Too bad it was almost nothing but a complete disappointment since.

First, I could never get the channel. It was too specialized for the cable system we had to carry it. Then, my parents finally got DirectTV...just in time for me to go to college. It was during one summer while in college that I was able to videotape almost the entire Alien Nation series and then catch some Incredible Hulk and V episodes.

All my encounters with Sci-Fi would be frustrating. With millions of potential hours of science fiction movies and television series, I'd get to a hotel room or visit a friend that had it and something absolutely dreadful would be on like a Dark Shadows marathon or the movie Gulliver's Travels starring Ted Danson.

In my humble opinion, Sci-Fi's greatest achievement was the four-year (should have been five) run of Farscape and the two-part mini-series that concluded the series. If nothing else, Sci-Fi gave us that only to take it away.

For a brief period of time, I did finally have the Sci-Fi Channel. And the channel was saturated with horror movies and reality (sci-fi reality?) programming. Instead of having Sci-Fi on all the time, I'd more often land on the Food Network.

A year ago we moved and full cable did not move with us. And what have I missed? It wasn't Sci-Fi, it was ESPN and ESPN 2. And the 14-year-old in me cries.

I'm not saying they could do nothing right. They did also give us Battlestar Galactica and they brought to America the new Doctor Who. But for whatever reason, Sci-Fi and I could just never make anything happen together. My limited enjoyment of their programming has been largely through DVDs or other outlets.

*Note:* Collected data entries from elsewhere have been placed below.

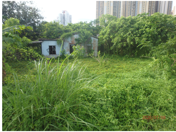
Abandoned Agriculture Land
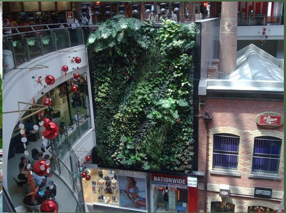
Melbourne Central, Australia
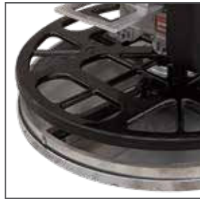
ROTATING GUARD RING
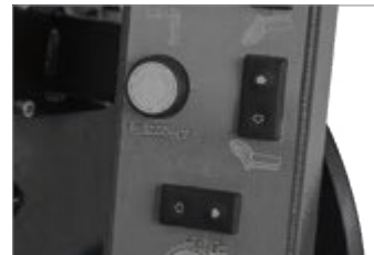
Memory system with automatic head repositioning.
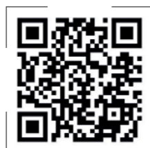
Watch the video of the graduation of the Professional Training Course CEDESP – 2nd semester
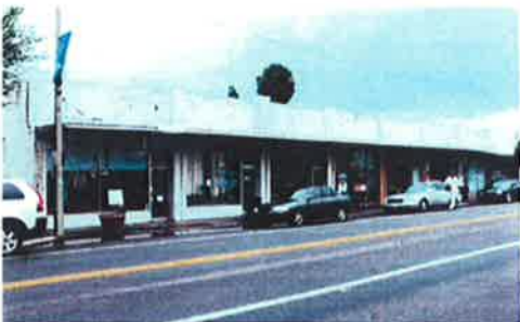
Mander Building: BEFORE
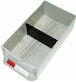
Parts Bin Top View
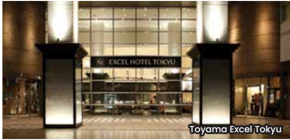
Toyama Excel Tokyu
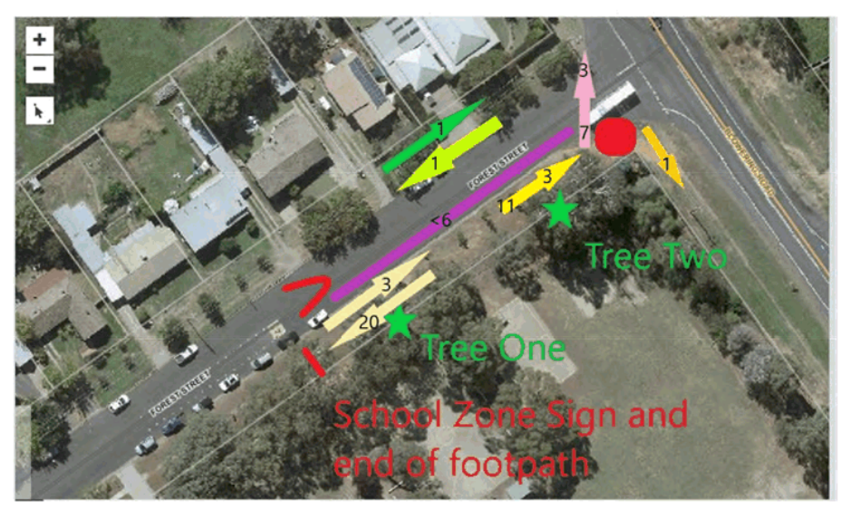
Pedestrian Movements along and from Forest Street northwest of Franklin Public School

The pedestrian movements observed for the second morning arrival of term 4 outside Franklin School are recorded below.
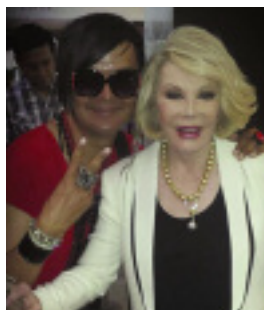
At the W Hotel in Los Angeles with my favorite comedian of all time on planet earth Joan Rivers for Jennifer Lopez's Hollywood Walk of Fame event.
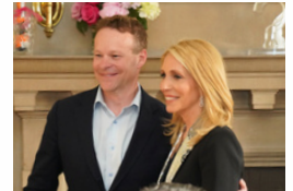
Chris Licht and Dana Bash.
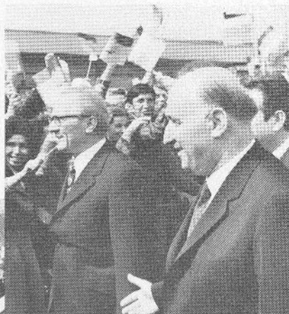
◆ With Erich Honecker, First Secretary of the Socialist Unity Party (SED), German Democratic Republic
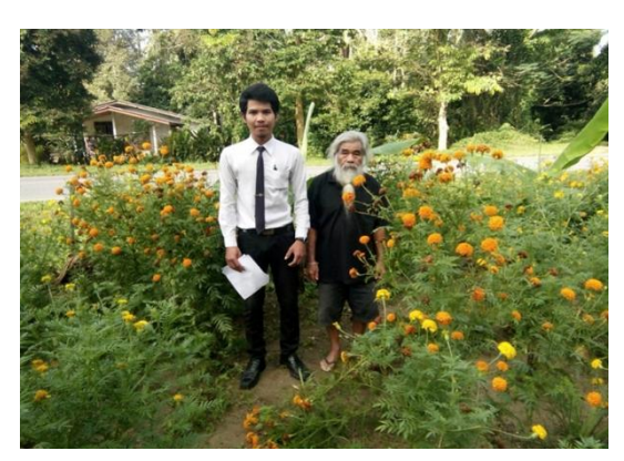
Figure4.To make drugs
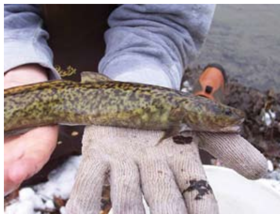
A cooperative project was initiated in 2005 by the DEP and the University of Connecticut to collect information necessary for the conservation and restoration of the state endangered burbot.

the autumn spawning season. This research has documented the importance of diverse habitats and the need for connectivity within a watershed. This study will provide critical information for the conservation of brook trout, not only in study areas but also in other areas where climate change is predicted to reduce the extent of coldwater within watersheds.
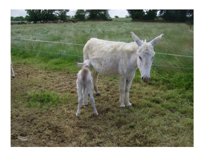
Photo 22. Colostrum is the essential health ingredient for donkey foals

The jenny should be kept in the environment where foaling is to take place for at least one month before foaling, in order for her to produce colostral antibodies related to this environment.
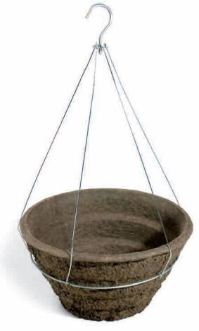
16X8 Garden Basket 4.43 gal/16.8 L 20 per case
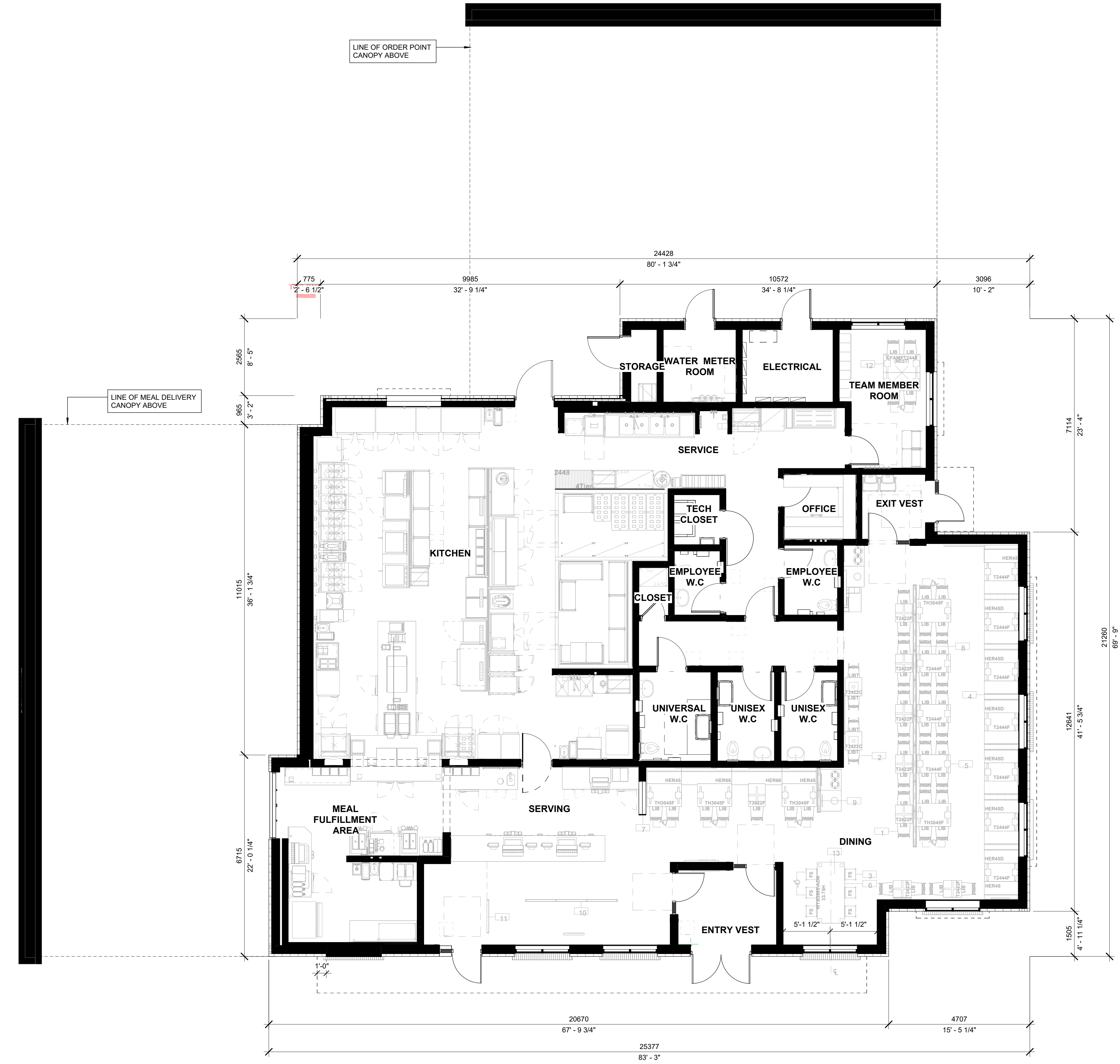
A4 FLOOR PLAN 1:70

As of today, Sci-Fi is no more. Now, in a reported effort to shed their "geek image", they are called SyFy. And instead of geeky, they just look plain silly.

And you know what, it still doesn't matter. That dream I thought had come true never came true in network form. Now, through Netflix, the internet, and what I happen to own, I can construct my own personal Sci-Fi Channel. And believe me, it's been well worth the eighteen year wait.